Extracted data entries

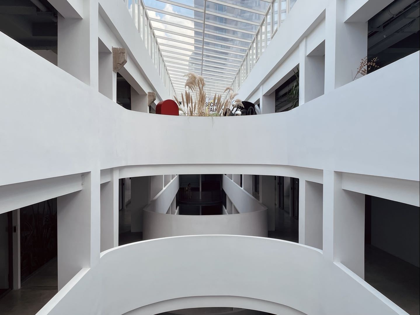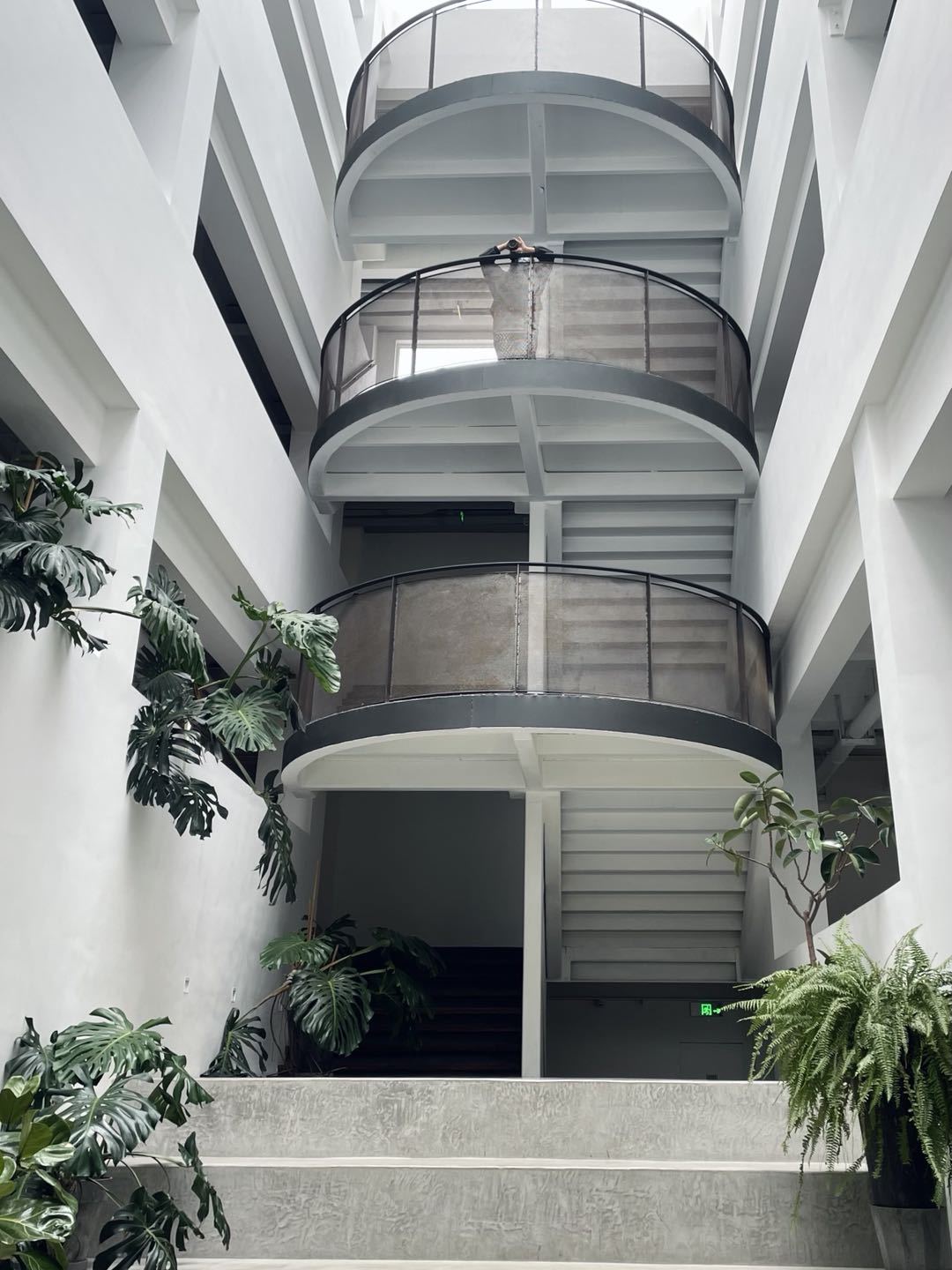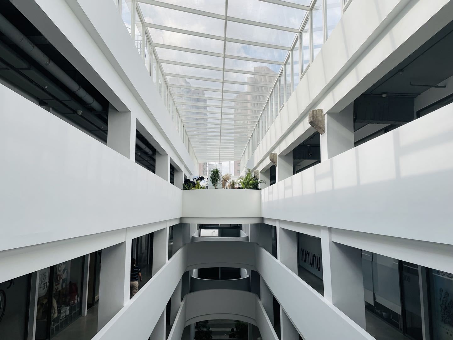 园区设计风格以简约工业风为主,整个建筑墙面全部为白色,线条简洁流畅,金属质感的楼梯工业感十足,整体空间干净温暖且轻盈自然,几乎没有多余的装饰。不同于拥挤严肃的普通写字楼,现所的顶部采用了全景天窗设计,引入大面积自然光线,让整个空间生机勃勃,带来舒适的视觉和心理感受。
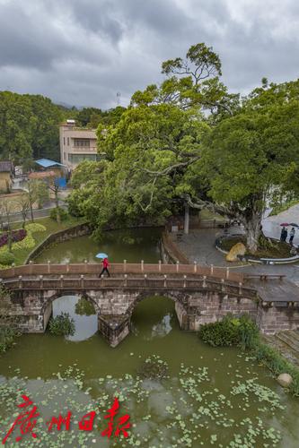 黄埔区莲塘村村头的大榕树下摆开几张方桌,大家坐在绿荫下,望着古村围绕“十古”谈保护。所谓“十古”,即古村、古树、古屋、古庙、古巷、古道、古塔、古井、古桥、古码头等十类古遗存。在黄埔区701处十类古遗存当中,莲塘村的古遗存占了36处。莲塘村是中国传统村落、广东省历史文化名村,村里的大祠堂显示了莲塘村古老的内涵。时四陈公祠建于1899年,2013年重修,修旧如旧,仍保留着古风古韵。
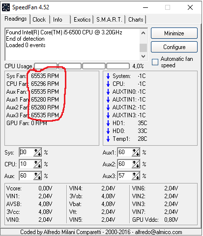 a strašně mi hučí počítač(vydává hlasitý zvuk). Počítač mám starý asi 4 roky a nikdy předtím mi to nedělalo a strašně mě to štve... A tak jsem hledal, čím to může být a zjistil jsem, že problém je nejspíš ve větrácích v PC. Jelikož chci zkusit vše než něco budu muset kupovat, tak jsem stáhnul program SpeedFan na regulaci otáček větráků. Podíval jsem se na mnoho tutoriálů na Youtube jak s tímto problémem zacházet a regulovat otáčky, ale nepomohlo to, protože v programu nejspíše dělám něco špatně, protože jakkoliv to nastavím, v hlavním menu mám stále stejné číslo RPM (viz příloha) u všech větráků(kromě větráku GPU) a otáčky a tím pádem následné ztišení nepřichází, poradil by mi někdo jak s tímto programem nastavit to, abych ty otáčky skutečně správně reguloval? Děkuji za pomoc :) + ještě bych chtěl doplnit, že pc se mi nijak nezahřívá a nejsou s ním žádné problémy, zkrátka mě štve hlasitý zvuk.
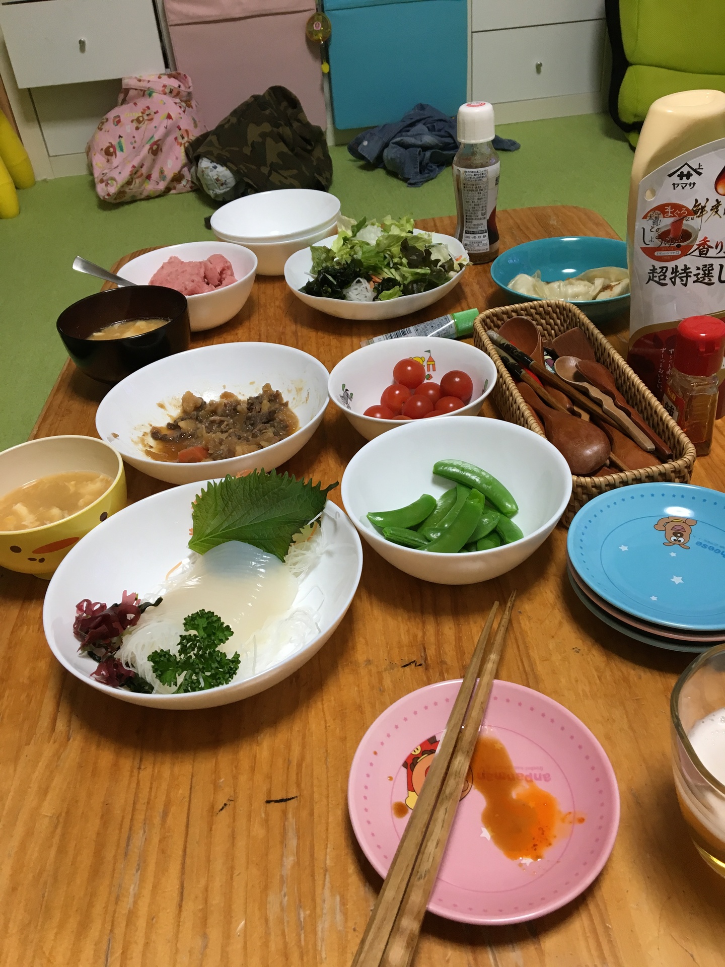 マグロ、イカ、えんどう、トマトに昨日の残りのギョウザ、一昨日の残りの肉じゃが。
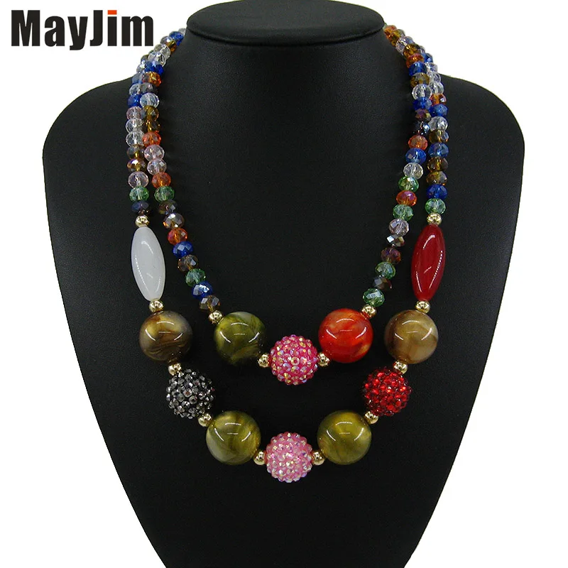 17KM Fashion Gold Color Crystal Cross Necklaces Pendants Bohemian Double Layered Necklace Catholic Religious Christian Jewelry
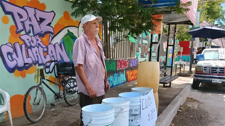 Con su triciclo cargado de cubetas y garrafones, se instala cada mañana, de lunes a sábado, en la esquina de Álvaro Obregón y Profesora Josefina Chang, donde se sienta frente a un amplio y llamativo mural que para los transeúntes es un grito de exigencia de paz para Culiacán.
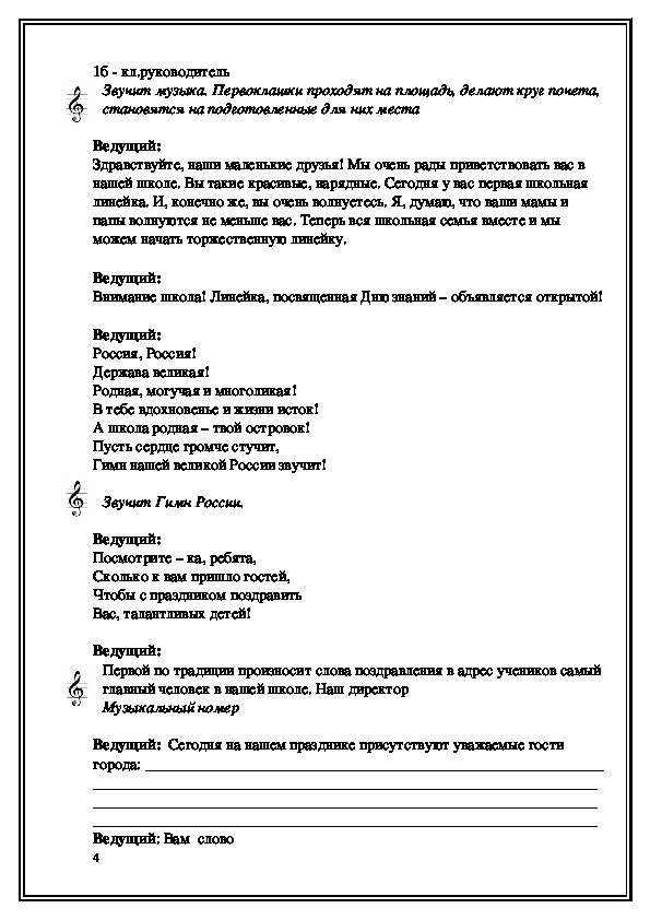 Звучит музыка. Классы выстраиваются на линейку. Под фанфары выходит ведущий
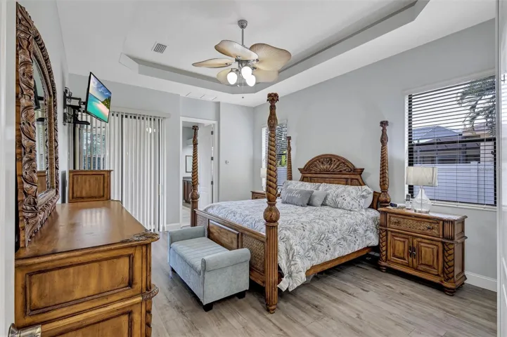 Set within a quiet cul-de-sac in desirable Country Creek, this four-bedroom, three-bath home built by La Maison. Tall ceilings and generous windows fill the home with natural light, while newer flooring throughout and a new roof (2024) make it truly move-in ready. The kitchen’s warm wood cabinetry anchors the living spaces, and the home’s thoughtful design includes a central vacuum system and plumbing in place for a future pool. The primary suite offers a private retreat with both a soaking tub and a separate shower. Out back, the most picturesque setting awaits — tranquil lake and preserve views, with plenty of space to create the outdoor oasis you’ve always imagined. With oodles of room for a pool, low HOA fees, and no CDD costs, this home blends comfort, value, and beauty in one of the area’s most naturally scenic communities.

**Task objective:**
Word for word, repeat the lines above from the one with "Con su triciclo" through the one with "Звучит музыка. Классы", and nothing beyond them. Omit the pictures.

**Reply:**
 Con su triciclo cargado de cubetas y garrafones, se instala cada mañana, de lunes a sábado, en la esquina de Álvaro Obregón y Profesora Josefina Chang, donde se sienta frente a un amplio y llamativo mural que para los transeúntes es un grito de exigencia de paz para Culiacán.
 Звучит музыка. Классы выстраиваются на линейку. Под фанфары выходит ведущий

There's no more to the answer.